3. Volgens de Raad is het onduidelijk of naast de werkgever ook de
vreemdeling een beboetbaar feit kan begaan indien hij de
identificatieverplichting uit artikel 15, vierde lid, van de Wet arbeid
vreemdelingen niet naleeft.
In artikel 18 is het niet naleven van de artikelen 2, eerste lid, en 15
van de Wet arbeid vreemdelingen als beboetbaar feit aangemerkt.

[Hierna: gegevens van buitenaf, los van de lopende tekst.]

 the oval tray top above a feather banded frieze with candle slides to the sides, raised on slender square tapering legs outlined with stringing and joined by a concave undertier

Hieruit blijkt dat ook de vreemdeling die de verplichting voortvloeiend
uit artikel 15, vierde lid, niet nakomt, beboet kan worden. Hierin
verschilt het wetsvoorstel niet van de huidige regelgeving, waarbij het
niet naleven van bovengenoemd artikel 15, vierde lid, door de
vreemdeling een strafbaar feit is.
Om alle onduidelijkheid weg te nemen, is in de memorie van
toelichting thans expliciet aangegeven dat ook de vreemdeling bij het
niet naleven van artikel 15, vierde lid, van de Wet arbeid
vreemdelingen een beboetbaar feit begaat.

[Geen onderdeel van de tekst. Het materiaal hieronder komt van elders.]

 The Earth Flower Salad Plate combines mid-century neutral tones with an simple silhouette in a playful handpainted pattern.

Het kabinet is het met de Raad eens dat de hoogte van de boete voor
de overtreding van artikel 15, vierde lid, lager dient te zijn dat de
boetes die gelden voor overtredingen door werkgevers. In de
memorie van toelichting zijn de verschillende beoogde boetebedragen
expliciet weergegeven.
4. Conform de opmerking van de Raad is artikel 19, tweede lid, van
de Wet arbeid vreemdelingen aangepast.
5. De Raad geeft aan dat de berekening van de financiële effecten van
dit wetsvoorstel voor de rechterlijke macht niet duidelijk zijn. Naar
aanleiding van deze opmerking is de memorie van toelichting
aangepast.
6. Nu het kabinet heeft gekozen voor handhavingsmodel A, zijn de
passages in de memorie van toelichting over de samenhang c.q.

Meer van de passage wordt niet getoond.